Wednesday’s stage 11 to Montpellier is another one for the sprinters, and then it’s straight into what will be a major turning point in the battle for yellow. Mont Ventoux and the following day’s time trial will go a long way toward deciding this Tour. If Froome can take big gains, then he will be able to follow his blueprint from 2013 and 2015, when he could ride defensively into the final week. If Quintana can stay close, within a minute or so, then the Tour will be for the taking in the closing week.

“The differences are seconds, not minutes. It’s going to be a tight race, and I’ve seen nothing so far to [counter] my opinion of that,” Brailsford said. “Having Ventoux and that time trial back-to-back is going to be pivotal in the final outcome.”

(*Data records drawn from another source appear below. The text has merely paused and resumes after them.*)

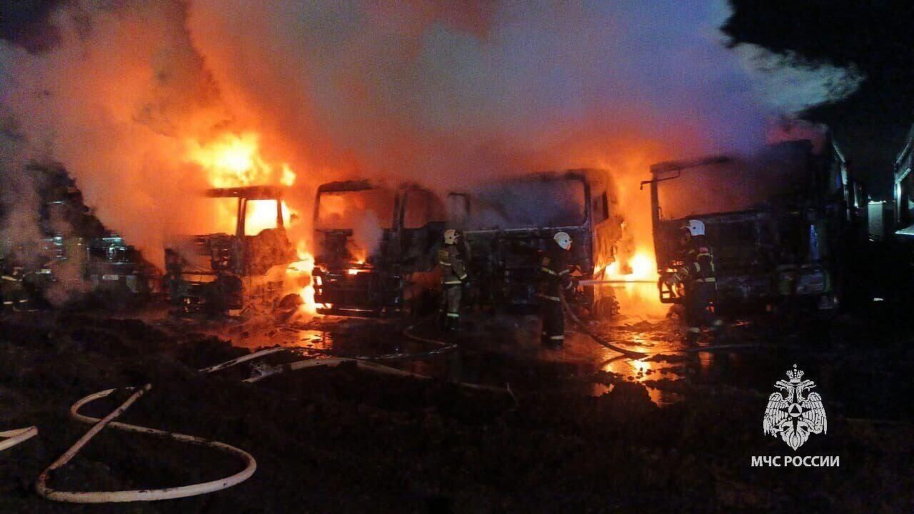 На автостоянке под Уфой ночью сгорели шесть грузовиков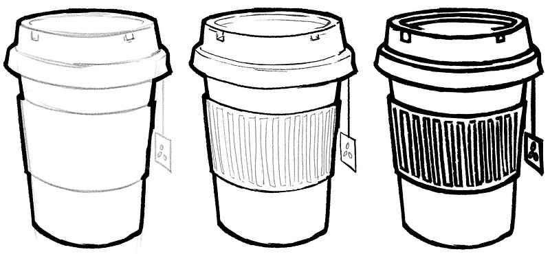So.. it's up to you to decide how you want to group the elements in your drawing. Earlier I considered the cup as a single element. But I could have separated the cup, lid, and sleeve. We can unite or separate elements to affect their perceived importance.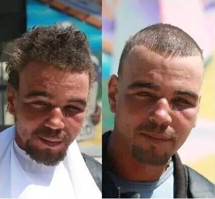 理完发后流浪汉可以说判若两人。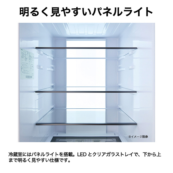 冷蔵室にはパネルライトを搭載。LEDとクリアガラストレイで、下から上まで明るく見やすい仕様です。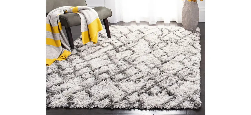 Fashionable Horizon area rug with shag style works in any room of the home, from the bedroom, living room, dining room, nursery, or home office. Refined power-loomed construction ensures an easy-care and virtually non-shedding rug. Made from enhanced premium polypropylene fibers providing both comfort and durability.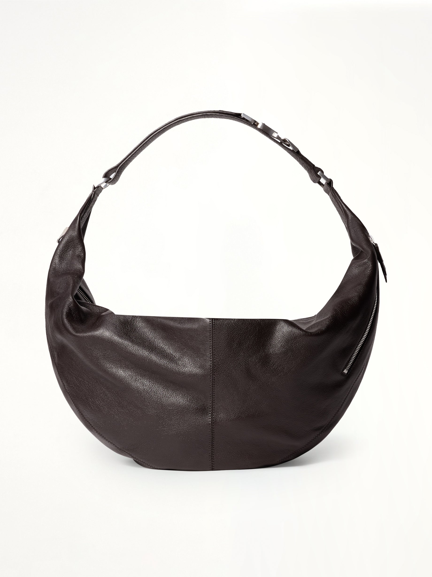 Lemaire's Large Quiver Clip Bag in Dark Chocolate is a sophisticated accessory designed for the modern individual. Its sleek design and rich color make it a versatile addition to any wardrobe.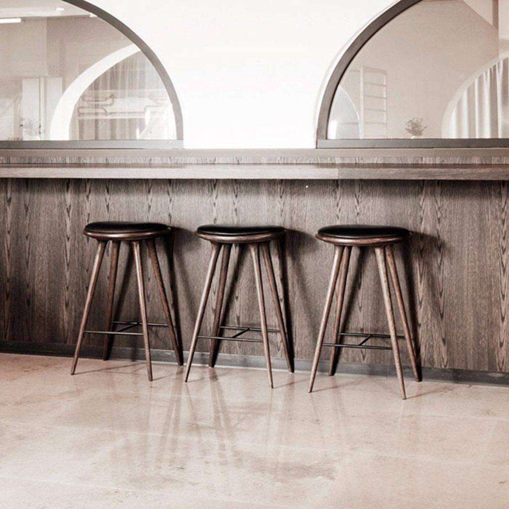 The Mater High Stool is designed by the Danish architect duo Space Copenhagen and is regarded as a New Danish Classic. With its organic yet minimalist style, this bar stool is suitable for both residential and commercial use. The wood is FSC certified – the label for responsible forestry – with a water-based stain. The upholstery is genuine leather.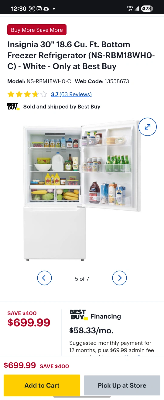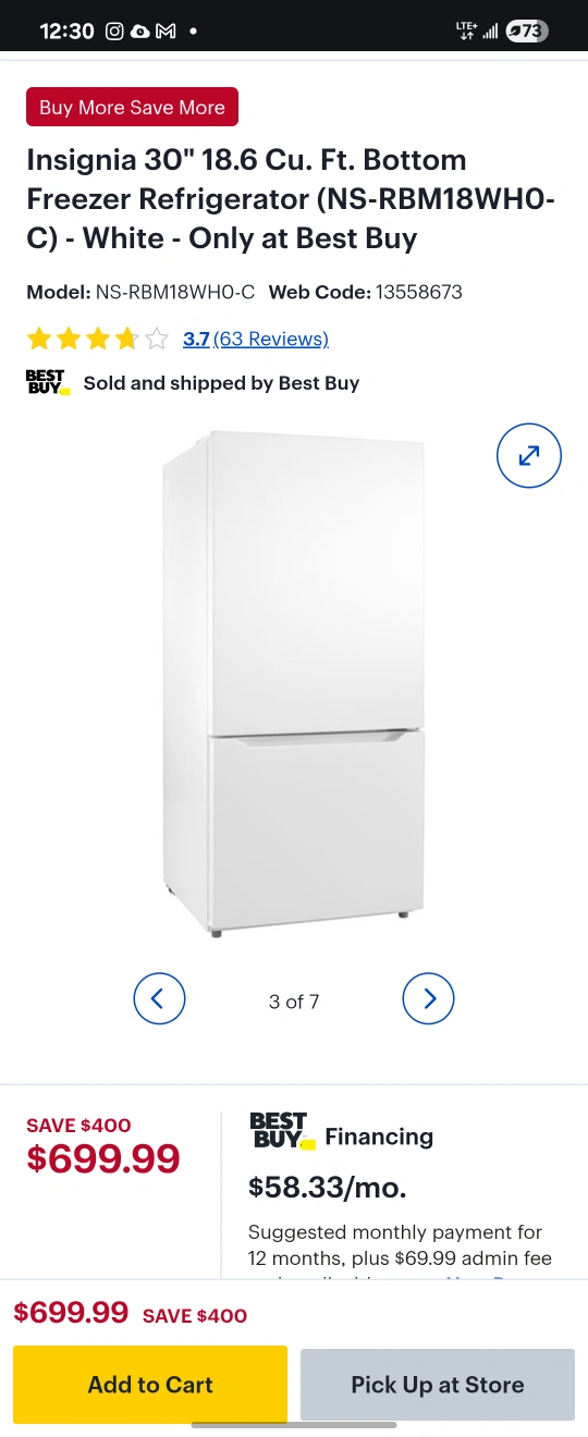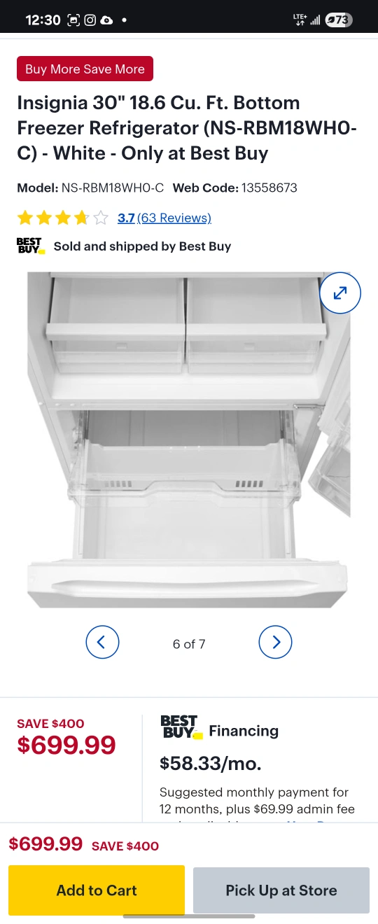 Selling an Insignia 30" 18.6 Cu. Ft. Bottom Freezer Refrigerator in white. It's in great condition and ready for a new home! Retails for $699.99 at Best Buy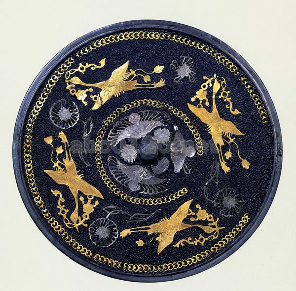 隋・唐・五代|青銅器>金銀平脱四鸞銜綬文鏡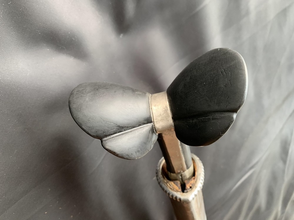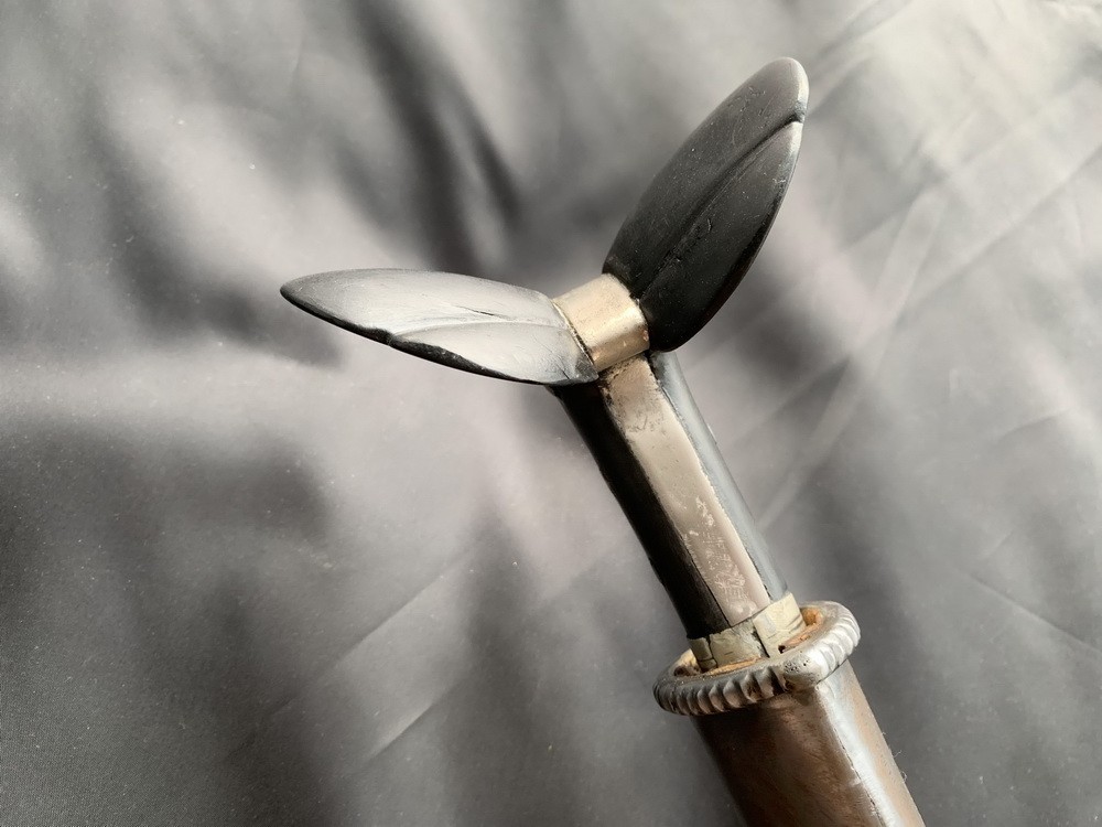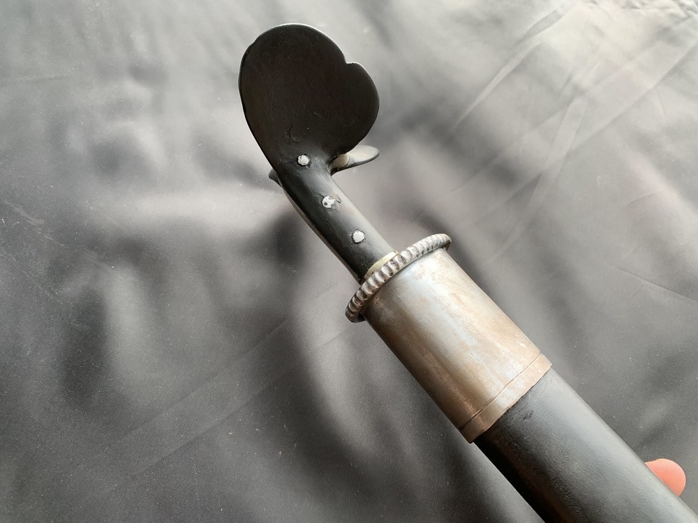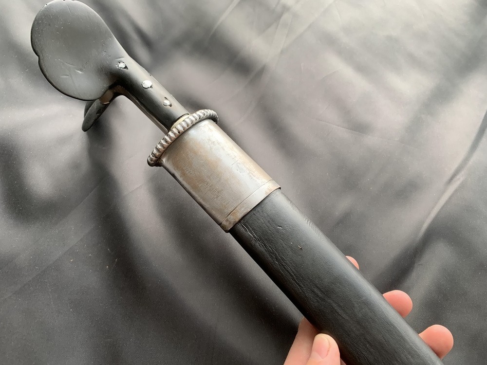 Рукоять состоит из двух деревянных пластин-щечек черного цвета, обе пластины расширяются кверху и выступают над окладом, придавая рукояти форму берцовой кости крупного животного. Щечки рукояти крепятся к хвостовику тремя сквозными металлическими заклепками, в нижней части щечки рукояти плотно обхватывает обоймица – металлическое кольцо, скрепляющее рукоять с клинком. На обоймице есть четыре декоративными полосы. В средней части рукояти между ушами и хвостовиком находится оклад – железная пластинка.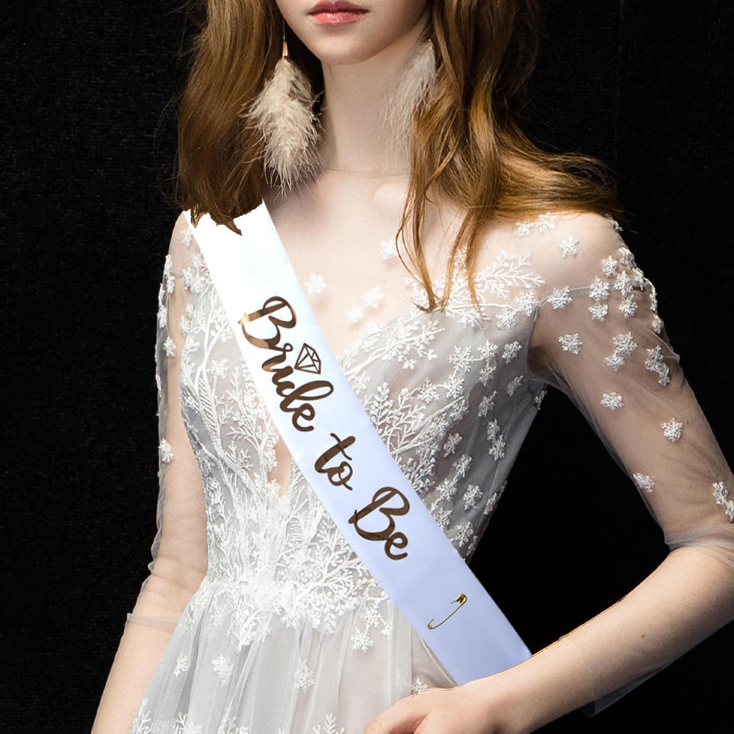 - Elegant Bride Sash: Measure about 3.74 x 63 inches. The sash is made of smooth satin fabric, pressed with gold foil Words “Bride to Be”, nice shape and super attractive. There also comes a pin to hold the sash, very easy and comfortable to wear.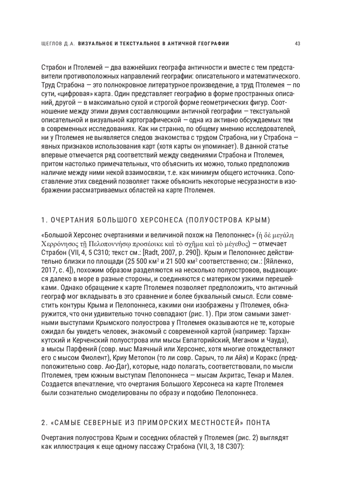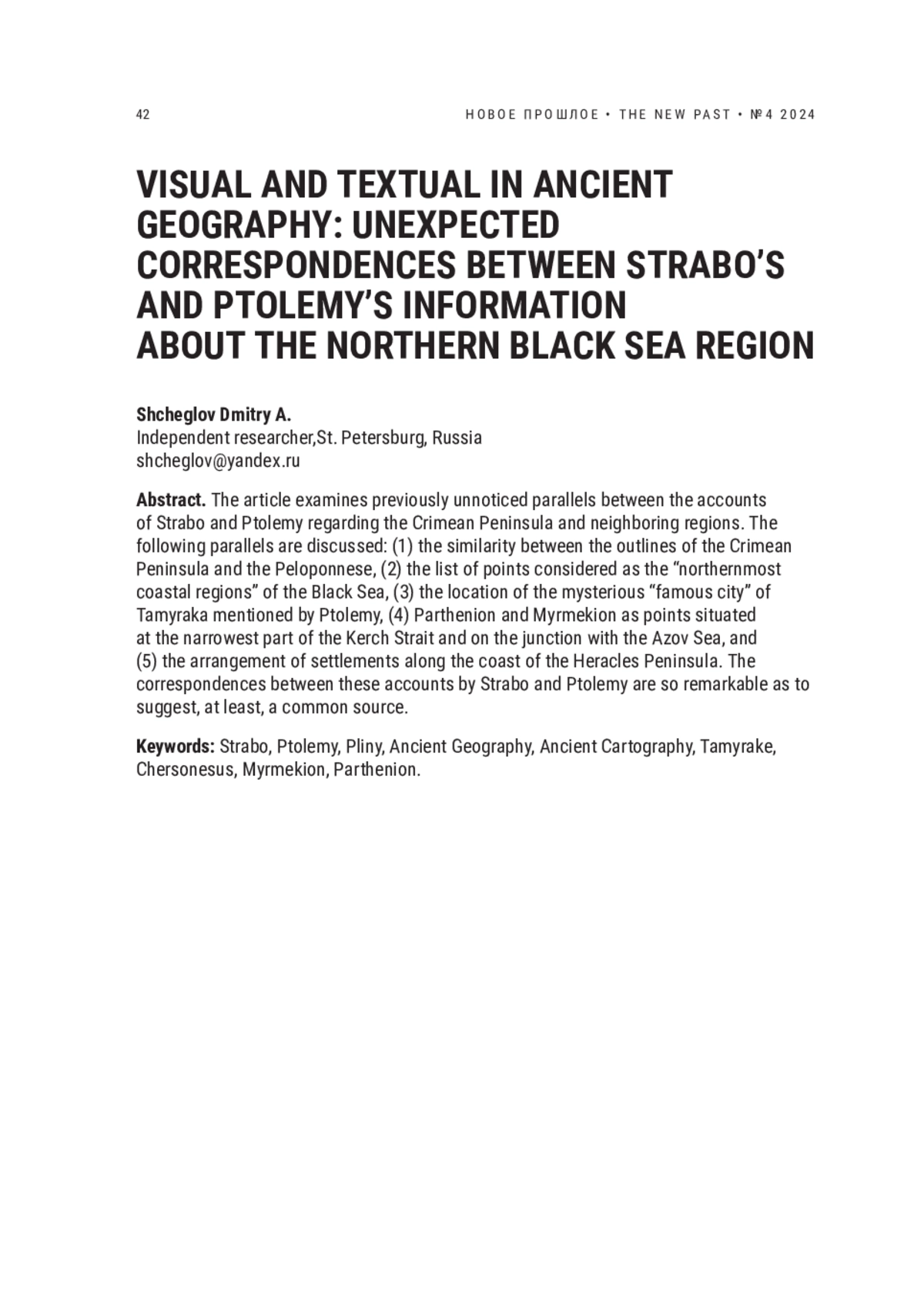 ЩЕГЛОВ Д. А. ВИЗУАЛЬНОЕ И ТЕКСТУАЛЬНОЕ В АНТИЧНОЙ ГЕОГРАФИИ: НЕОЖИДАННЫЕ ПЕРЕКЛИЧКИ МЕЖДУ СВЕДЕНИЯМИ СТРАБОНА И ПТОЛЕМЕЯ О СЕВЕРНОМ ПРИЧЕРНОМОРЬЕ // НОВОЕ ПРОШЛОЕ. 2024. № 4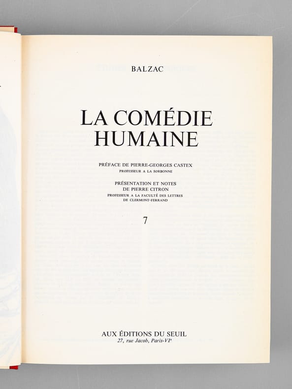 Présentations et notes de Pierre Citron, 7 vol. grand in-8 reliure pleine toile rouge éditeur sous jaquette rhodoïde transparente, coll. l'Intégrale, Aux Editions du Seuil, Paris, 1966, 600 à 700 pp. par vol. avec 80 à 90 illustrations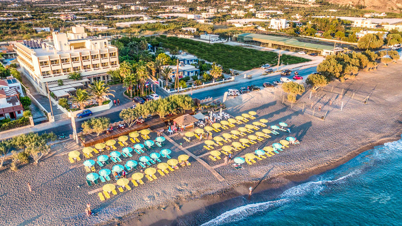 Lage & Umgebung Das komfortable Hotel befindet sich an der wunderschönen Mittelmeerküste mit Zugang zum hoteleigenen Strand. Von hier aus, Kretas schmalster Stelle, lässt sich hervorragend zu Inselerkundungen starten. Etwa 1,5 km sind es bis zur Hafenstadt Ierapetra mit ihrem venezianischen Kastell.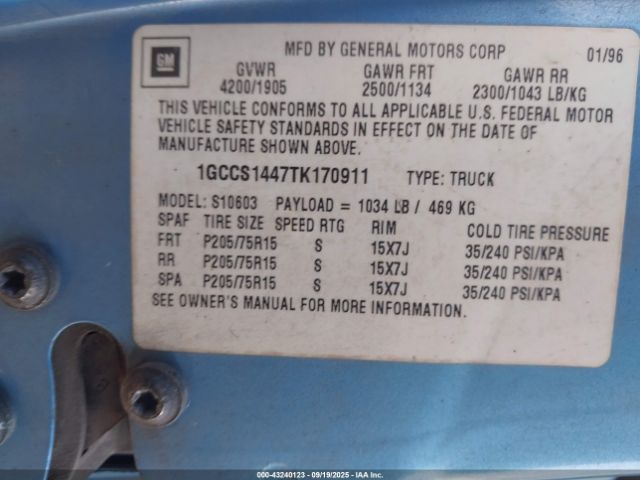 | VIN : 1GCCS1447TK170911 |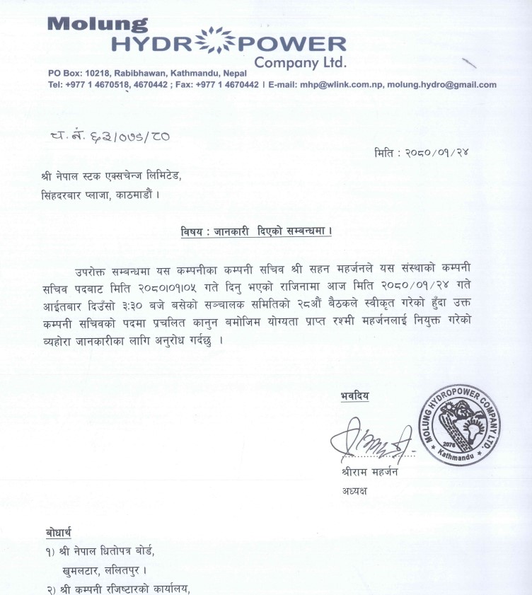 हाइड्रोपावरका कम्पनी सचिवको जिम्मेवारीमा रहेका सहन महर्जनले बैशाख ५ गते राजिनामा दिएको हुदाँ बैशाख २४ गते बसेको संचालक समितिको बैठकले उनको राजिनामा स्वीकृत गरी महर्जनलाई नियुक्त गरेको हो ।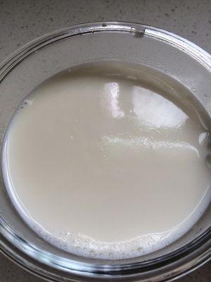 鸡蛋清、黄分离,将蛋清打几下,打散就行,加入没有奶皮的牛奶里搅拌。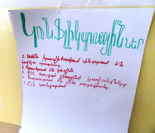 Աշակերտները հստակորեն որոշակիացրեցին իրենց դիրքորոշումները որպես կոնֆլիկտայիններ, խաղաղասերներ և խաղաղապահներ, ովքեր առաջադրված կոնֆլիկտային իրադրությունում փորձեցին պահպանել իրենց համոզմունքներ: Ընտրված երգի լավատեսական խոսքերը` «թե արդար է քո պայքարը, հավատա քո ուժերին», դեռահասներին կուղեկցեն առաջիկա օրերին: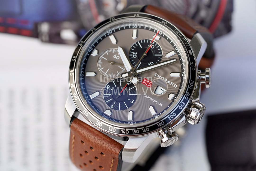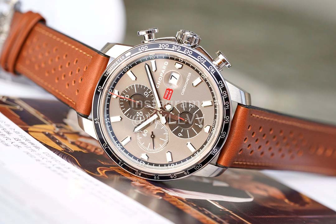 Chopard Rubber Leather Strap 44mm Dial Multifunctional Watch Brown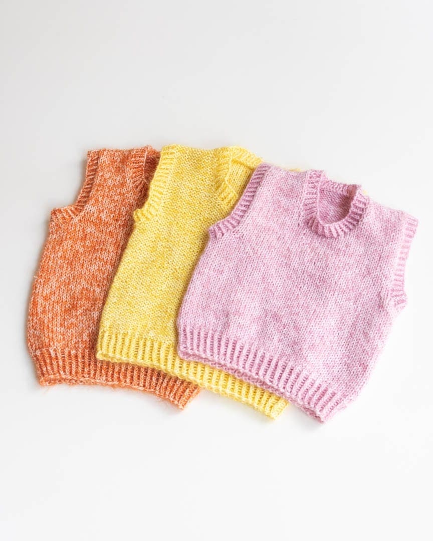 Vesten er med fine ribkanter og helt enkel i udtrykket. Den er strikket i en tråd Bøllefrø Merinould og én tråd Silk Mohair. Det gør at vesten luner dejligt men samtidig er let og blød. Vesten er sød over en langærmet bluse eller ud over en kjole med sit helt enkle udtryk. Opskriften indeholder også en variant med vragen ud. Det giver et fedt anderledes udtryk.

So far, this Tour has only had one major uphill finale. There have been no time trials, no team time trials, no splits or major crashes to disrupt the GC. And it’s not just Movistar and Sky who are optimistic.

The top 11 riders are within one minute (and one second) to the yellow jersey, almost unheard in modern cycling to have the Tour de France so tight so deep in the race.

Quintana is cooling his jets, waiting for the right moment to attack. On Sunday, after sensing that Froome was very strong, he decided to wait. On Ventoux, where he and Froome clashed in 2013, the story is likely to be very different.

“You have to take the race day by day, and look for an opportunity to attack,” Quintana said. “On other occasions, I had already lost more time, so there will be moments to take back these 23 seconds, and perhaps take more. Froome is strong, but I also feel very good.”

In the Tour, perception counts for a lot, at least until the road turns uphill. Very soon in this Tour, the GC will speak for itself.